Tuesday, 5 November 2019

The Death of Alexander the Great

Alexander depicted during the Battle of Issus, Museo Archeologico Nazionale, Napoli

The enthralling denouement of a six-part BBC Radio Drama series of Alexander the Great, which was produced in 1993.

In Babylon, Alexander is lying in the throes of death at the end of a short but spectacular life-span predicted at the time of his birth by the Morai -alternatively known as the Fates- who are a trio of white-robed female incarnations of destiny.

Half in the physical world and half in the spirit world, he ruminates over his life, his conquests and the succession with the ever guiding spirit of Achilles of Troy, the father of his “yearning soul” in contrast to his earthly father and competitor, King Phillip of Macedon.

In this drama, Alexander is sympathetically portrayed as the quintessential Philosopher-King and his fixation with Achilles is a component of the “mythic consciousness” that has driven him to avenge an earlier defeat of the Greeks by the Persians and to conquer almost all of the known world.

And it is Achilles with whom he has communed since childhood, along with Patroculus who tell the story of what happened after Alexander’s death: an orgy of suicides, revenge murders and in-fighting among his generals.

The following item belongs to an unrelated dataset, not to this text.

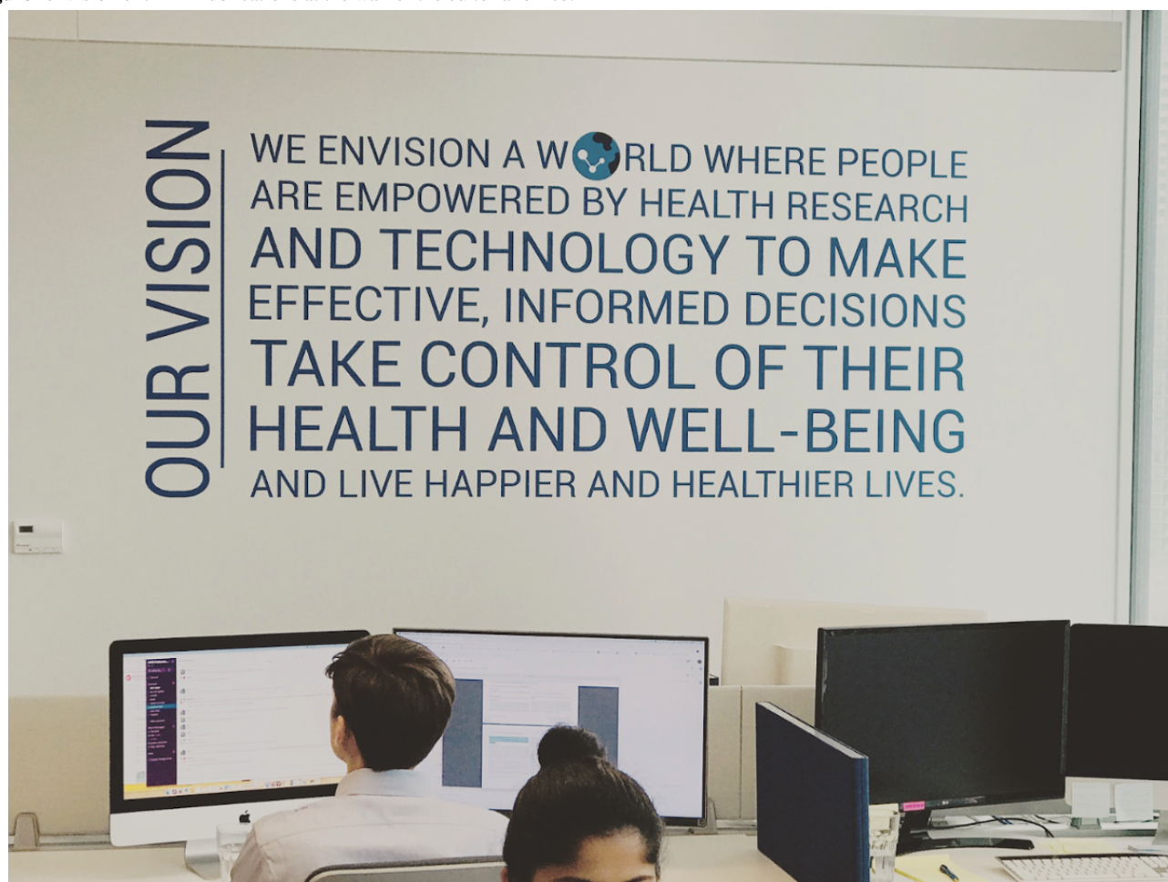
Figure 1. Vision of JMIR Publications at the wall of the editorial office.

“Who will rule after you?” asks Achilles.
“The best?” responds Alexander.
“There is none”, the spirits of Achilles and Patroclus reply in unison.

Fittingly, Alexander, the King of the Macedons, Leader of the Greeks, Pharaoh of All Egypt, Lord of Persia, and King of Kings, expires smelling of “thyme and roses” and “his flesh does not corrupt”.

No one was able to rule the empire he had built.